I think that means that you did not leave a check for farrier, they had to pay him and now must collect from you, so they tack on a $50 fee for their risk and trouble of paying him for you (out of their funds)

the place looks nice. it's very luxurious. But, believe it or not, around here such care would be another 30% more expensive.


----------



## Dreamcatcher Arabians (Nov 14, 2010)

That sounds pretty normal for that area. Sounds like your typical 'nickle and dime you to death' barn. I'd feel better about paying their fees if I was convinced they were literate though. Lunging for 30 minuets? Are they dancing with the horse or exercising it?


----------



## Shoebox (Apr 18, 2012)

Wow... They charge extra for a lot of the stuff my BO and past BOs have done for boarders without charging at all. I, personally, don't think I would want to board at a place that charges for every single thing I could possibly ask for... But if you can afford it and are willing to, go for it! Looks like a nice enough place.


----------



## B3llatrix (Oct 31, 2013)

Thanks for the feedback I dont planning on boarding since Im not quite ready to own a horse! When that time comes ill see, for now im interested in lessons...


----------



## Saskia (Aug 26, 2009)

They are a bit pricey... $75 for an assessment lesson? That sounds like a lot to me considering they are just assessing you for more lessons. 

Saying that I like how organised they are.
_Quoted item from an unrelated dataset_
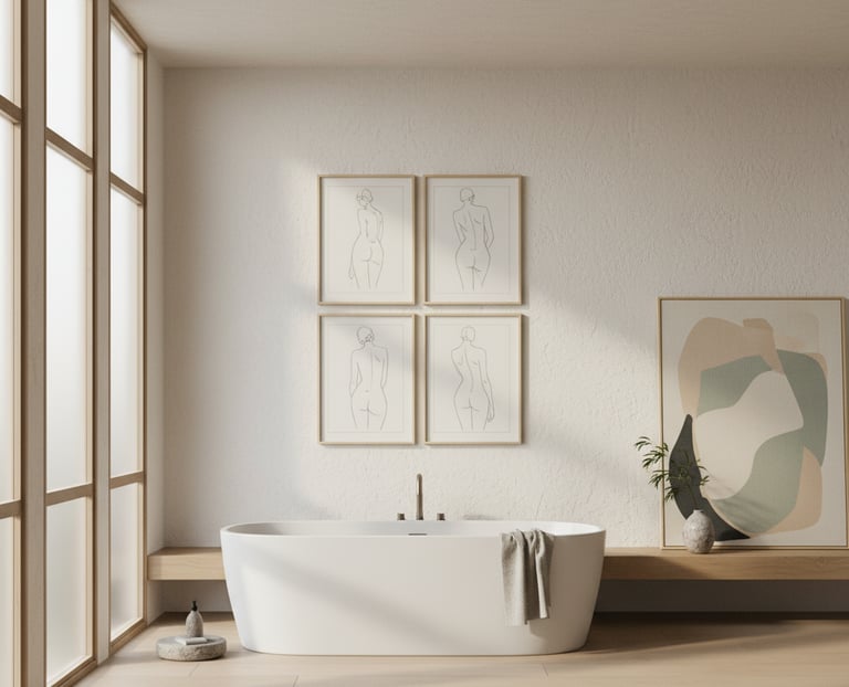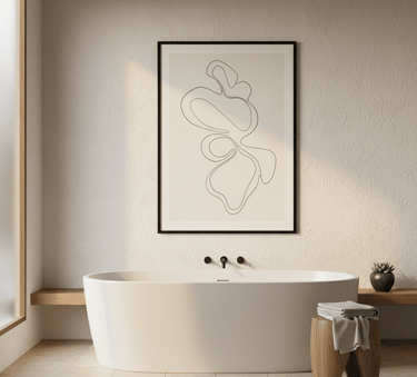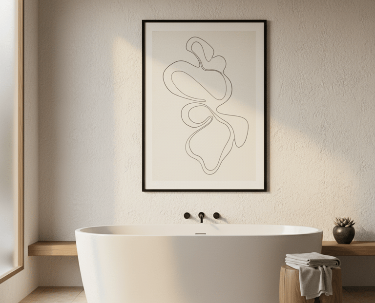 For those who prefer a "Zen" or spa-like atmosphere, visual clutter is the enemy. Highlight a serene, uncluttered room with a single, small framed print placed just above a freestanding tub. A simple, single-line drawing of a figure on textured paper offers a focal point that doesn't overwhelm the clean lines of the architecture.
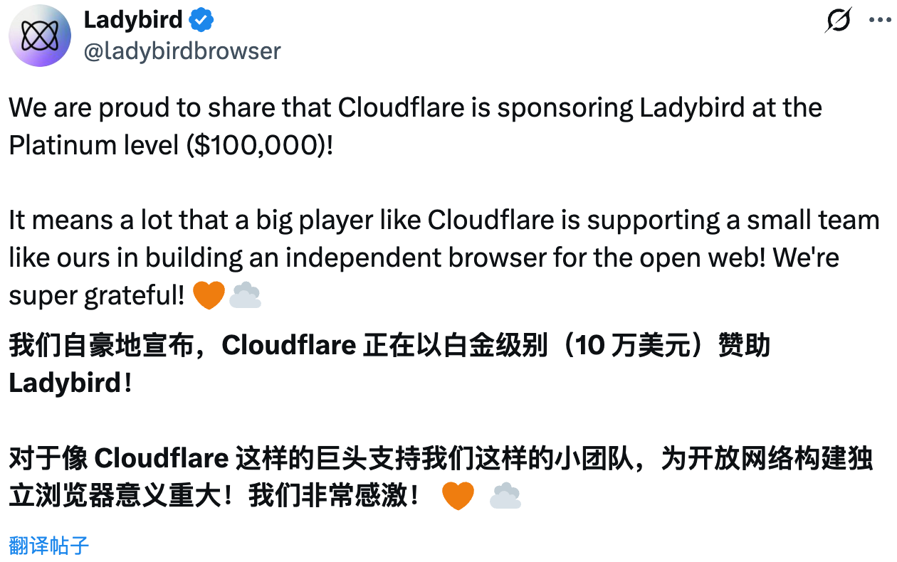 Cloudflare 宣布赞助开源浏览器引擎 Ladybird 10 万美元,以支持开放网络生态的发展。

They have a range of competencies which seem to me to be pretty good, including non-stirrup work and not rushing into jumping (although that depends on what they deem as competent). They also include theory which is good - too many places skip that. 

They look pretty nice, nothing jumps out at me as bad, and they obviously care about their business to put up profiles of their horses, staff and have a such a detailed "level" system.


----------



## beverleyy (Oct 26, 2011)

I don't like how they only offer 1/2hr private lessons, personally I feel like 1hr is much more useful. The barn looks nice, horses look taken care of. Honestly though, I am not a fan of how the students appear to be riding in any photos I've found on the site ...that would steer me away real quick. 

Looks fine overall.


----------



## Skyseternalangel (Jul 23, 2011)

beverleyy said:


> I don't like how they only offer 1/2hr private lessons, personally I feel like 1hr is much more useful. The barn looks nice, horses look taken care of. Honestly though, I am not a fan of how the students appear to be riding in any photos I've found on the site ...that would steer me away real quick.
> 
> Looks fine overall.


No they offer 1 hour private lessons as well, just not in a package for some reason


----------



## Saskia (Aug 26, 2009)

beverleyy said:


> I don't like how they only offer 1/2hr private lessons, personally I feel like 1hr is much more useful. The barn looks nice, horses look taken care of. Honestly though, I am not a fan of how the students appear to be riding in any photos I've found on the site ...that would steer me away real quick.
> 
> Looks fine overall.


Hmm you're right about some riding positions...


----------



## B3llatrix (Oct 31, 2013)

Hmmm... idk cause there arent very many stables around my area so I dont have many choices. Anyone here ride in Dallas, tx?


----------



## MyBoyPuck (Mar 27, 2009)

I would not want to learn jumping there from that pic on the lessons page. No foundation whatsoever.


----------



## B3llatrix (Oct 31, 2013)

NTEC: Horse Riding Lessons, Dressage and Jumper

There is this place. $350 for 10 one hour group lessons with the assistant teacher. That is better priced. Does this place seem better?


----------



## Viranh (Apr 7, 2013)

I think their rates are normal for what they offer. It's twice what I'm paying for a super nice facility with the same services, but I'm rural, and the barn only has two other boarders and the BO's warmbloods fill up the rest. St. Louis barns offering a nice facility and that level of care are at least $500 base+ extra charges. The lesson rate is higher than what I pay, but again, comparable to the nearest city. If you are in Dallas and can't commute out, that's what you'll have to pay most likely. It looks like a pony club barn, though. Are you the right age and skill level for that to be a good atmosphere? I personally wouldn't choose a barn full of pre-teen girls, but I might have when I was that age. You can always take a lesson or two and see if it's a good fit. If you aren't boarding, what's the harm? You can always change later. No horse to move.


----------



## B3llatrix (Oct 31, 2013)

Treeline Stables - Lessons

idk about their prices but there is also this...


----------



## Viranh (Apr 7, 2013)

I like the look of them better. Their show fees seem high, though. $75 to use their horse, $100 minimum to haul it there, and up to $200 to have your trainer present. Ouch!


----------



## B3llatrix (Oct 31, 2013)

At the moment, from my knowledge, I am leaning towards treeline stables. But I have no idea if their jumping positions are correct or not so if someone can give theie opinion. Basically, what do you think is the better option? Windmill, North Texas, or treeline?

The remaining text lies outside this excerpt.